Material Mismanagement
While there’s no guarantee that the acquisition will actually happen, a “person familiar with the matter” reported that Apollo Global Management is “in talks to provide up to $2 billion in debt financing for the potential acquisition,” according to Reuters.
Also, as you may recall, activist hedge fund Macellum Advisors had previously pressured Kohl’s to consider a buyout, with Macellum CEO Jonathan Duskin declaring that Kohl’s executives were “materially mismanaging” the business.
That’s a harsh assessment, but it doesn’t necessarily miss the mark.

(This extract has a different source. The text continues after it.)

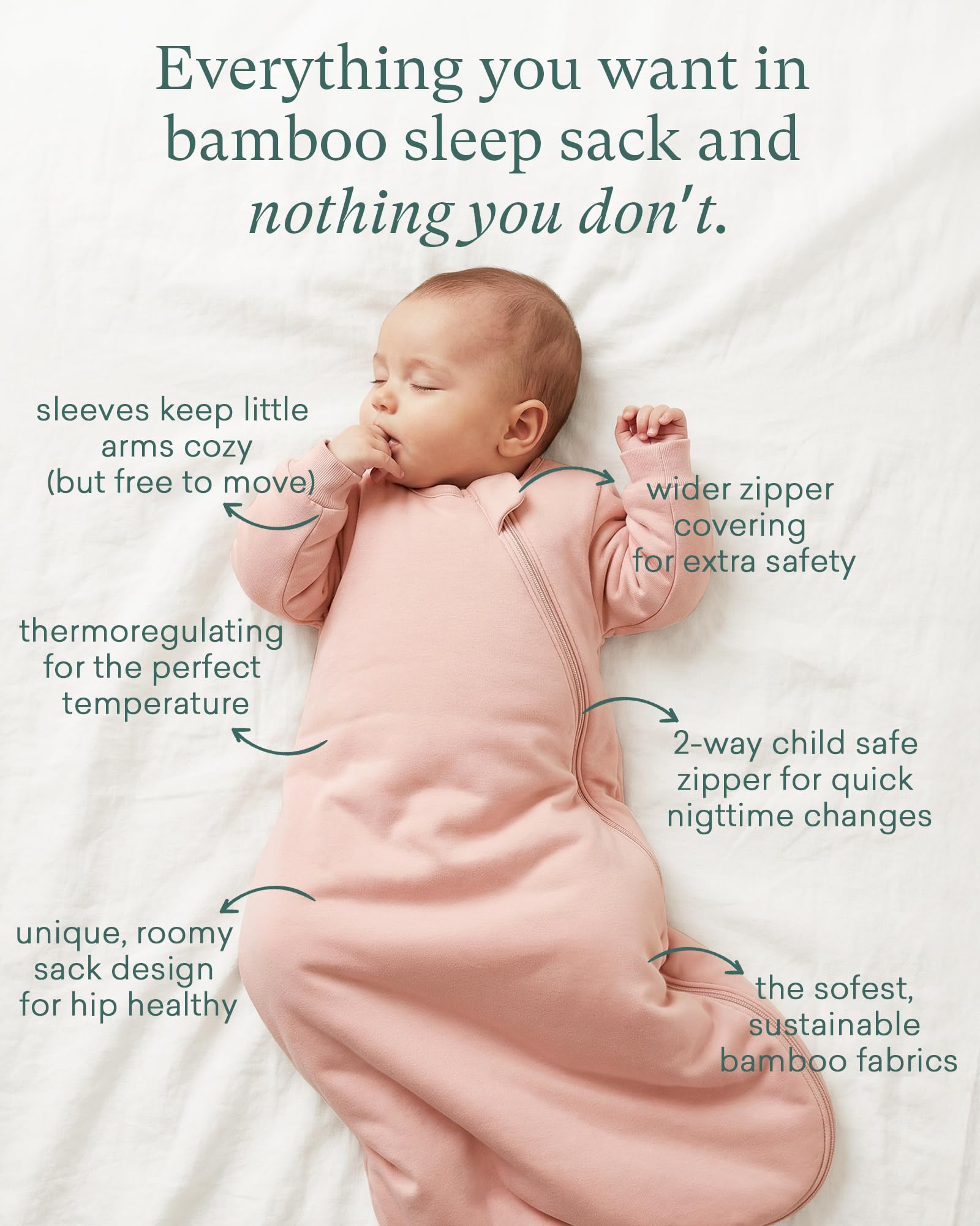 BETTER THAN EVER: Our beloved baby sleep sack with sleeves, the epitome of comfort for your little one. Crafted with care, it's a cozy cocoon designed to cradle your baby in warmth and security, guiding them into a restful slumber that lasts all night. Simplifying nighttime diaper changes and ensuring optimal temperature regulation, its heavenly softness invites your touch, offering unparalleled comfort for your precious bundle of joy.

Everyone’s entitled to have an opinion on the matter, but as the old saying goes, the numbers don’t lie.
So, here’s the breakdown of Kohl’s first-quarter fiscal 2022 financial results. Analysts were anticipating $3.6 billion in revenue and 69 cents per share in adjusted earnings for the quarter. As it turned out, Kohl’s only delivered around $3.7 billion in revenue and adjusted earnings of 11 cents per share.
For full fiscal-year 2022, Kohl’s revised its adjusted earnings outlook from a range of $7 to $7.50 per share, to $6.45 to $6.85 per share. Moreover, the company’s FY2022 net sales are “now expected to be in the range of 0% to 1% as compared to the prior year.”
Unsurprisingly, CEO Michelle Gass cited “macro headwinds” in a statement, which should sound familiar to anyone who habitually reads earnings statements and conference-call transcripts. Certainly, supply-chain issues and inflation have created challenges, and that’s not the fault of Kohl’s management. Nevertheless, in the wake of a disappointing fiscal report, the buck stops with the people in charge at Kohl’s, who can blame macro-level factors but will still be expected to turn the ship around.
Wall Street’s Take
According to TipRanks’ analyst rating consensus, KSS is a Hold, based on five Buy, five Hold, and two Sell ratings. The average Kohl’s price target is $49.45, implying 8.09% upside potential.
The Takeaway
Media headlines can sometimes persuade investors to jump into a trade based on possibilities rather than established facts. Just bear in mind that the saying, “Buy the rumor; sell the news,” could apply to KSS stock as the buyout buzz circulates.
Instead of obsessing over what’s possible, consider the hard data and adjust your investment strategy accordingly. Kohl’s might get bought out soon, or it might not. Either way, the company isn’t delivering the results that the stakeholders should demand. Therefore, it’s wise to stay clear of KSS stock until more information – hopefully, positive – is available.